三十二個,騎著靈獸,從南邊來,速度很快,領頭的那個人靈力波動強到她的神識掃過去像撞上了一堵牆。
最前面的是天級上等,後面三十一個人,清一色的地級中等。
月影從靈泉空間裡跳出來,蹲在她肩膀上,九條尾巴翹著。
它也感覺到了那些人的氣息,尾巴尖上的淡金色光炸出來了。“來得好快。”
“他們昨晚就出發了,領頭的那個天級上等追著霜寒的靈力痕跡過來的。”
霜寒從她腰間跳下來,變回正常大小,劍身插在她腳邊的地裡。“我藏不住線了,天級上等能看見我留下的痕跡。

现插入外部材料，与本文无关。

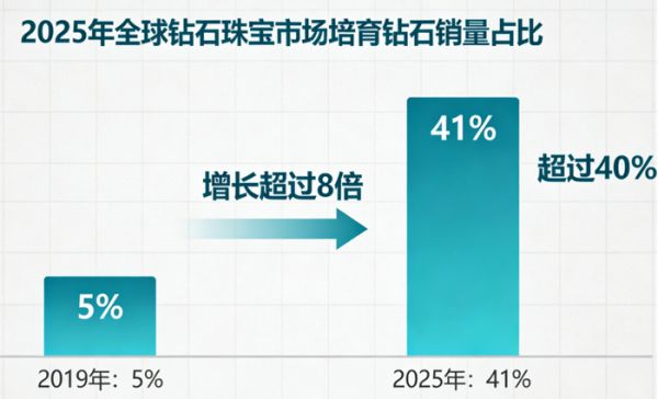 图源:社交媒体宏观数据印证了这一趋势。央视报道显示,2025年,在全球钻石珠宝市场中,培育钻石的销量占比已超过40%,较2019年增长了超过8倍。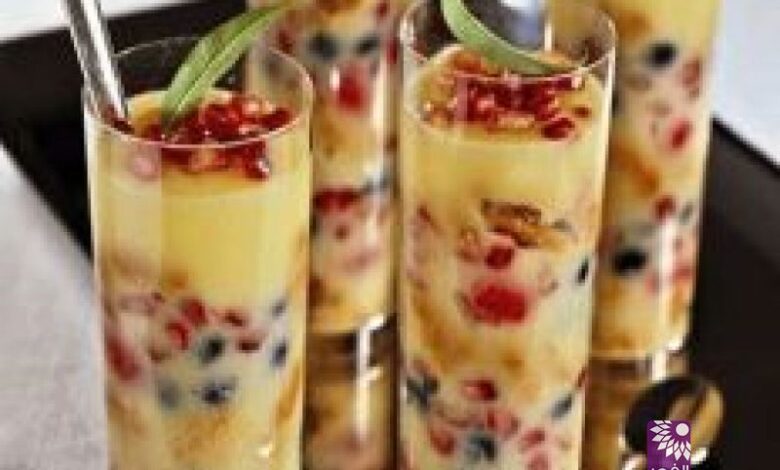 – نضع طبقة من البسكويت في الصحون أو الأكواب ثم طبقة من التوت والتوت البري ثم الرمان فالبسكويت.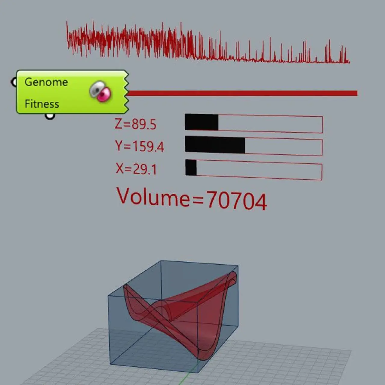 In this definition you can learn how to optimize a bounding box of a solid by using Galapagos and by rotating it around the x,y,z axis. Finally you can use a few simple commands to visualize some of the Data in the rhino viewport.

”
姜蕪把霜寒拔起來插回腰間,把月影從肩膀上抱下來塞進靈泉空間。
月影沒掙扎,西條腿蹬了一下,進去了,她轉過身,往東邊跑,蕨類從她身邊刮過,葉子上的水珠打在她臉上。
樹根從地下拱出來,她跳過去,沒停,後面的腳步聲越來越近,靈獸的蹄子踩在地上的聲音像打雷,轟隆隆的,震得地上的碎石在跳。

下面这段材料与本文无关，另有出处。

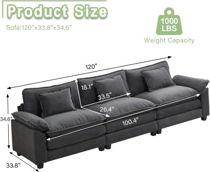 Sectional Sofa Comfy Cloud Couch for Living Room with Pillows, Modern Chenille Sofa Sleeper Deep Couches with Ottoman (Grey, 3-Seat-Style2)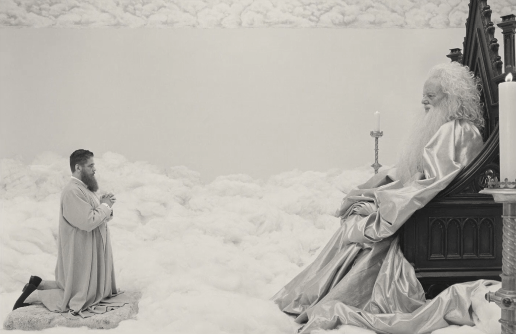 The fourth dream comes to us after Zsa Zsa drowns in quick sand. Again, another near death experience. In the fourth dream, Zsa Zsa prays before God (Bill Murray). Zsa Zsa is looking for a handout here. God holds out both fists. Zsa Zsa chooses one only for God to reveal nothing. God leaves Zsa Zsa by saying, “The yield of Adam’s loins crucified my only begotten son.” God’s creation sets off a chain of events that lead to his son’s crucifixion: divine tragic irony. Zsa Zsa understands here in a reflexive moment for him that his yields, completing his big project, is not what is going to save him, rather it is the exact thing that is going to kill him.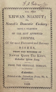 [CUISINE PERSANE-IRANIENNE] — The Khwan Niamut, Or, Nawab's Domestic Cookery: Being a Selection of the Best Approved Recipes, of the Most Flavoured and Savoury Dishes, from the Kitchen of Nawab Qasim Uli Khan, Buhadur Qâum Jung.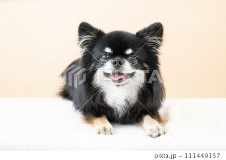 リビングで過ごす老犬 シニア犬 ロングコートチワワ

神識一首在盯著他們,領頭那個天級上等的騎在一隻地級上等的赤炎獅背上,赤炎獅的鬃毛是紅色的,跑起來像一團火在地上滾。
他跟姜蕪的距離在縮短,從兩千米到一千五百米,從一千五百米到一千米。
姜蕪停下來,霜寒從她腰間跳出來變回正常大小握在手裡,月影從靈泉空間裡衝出來蹲在她肩膀上,九條尾巴全亮著,小麒麟從空間裡探出頭來看了她一眼,又把頭縮回去了。
她轉過身,面對著那些人來的方向。
三十一個人先到了,地級中等,三十一個,從靈獸背上跳下來,排成一排。
他們的衣服跟昨天那七個人一樣,深藍色袍子,胸口繡著金色“慕”字。
刀也一樣,三尺長,兩指寬,刀身上都刻著慕容家的家徽,三十一把刀同時出鞘,陽光照在刀身上,閃得人眼前發白。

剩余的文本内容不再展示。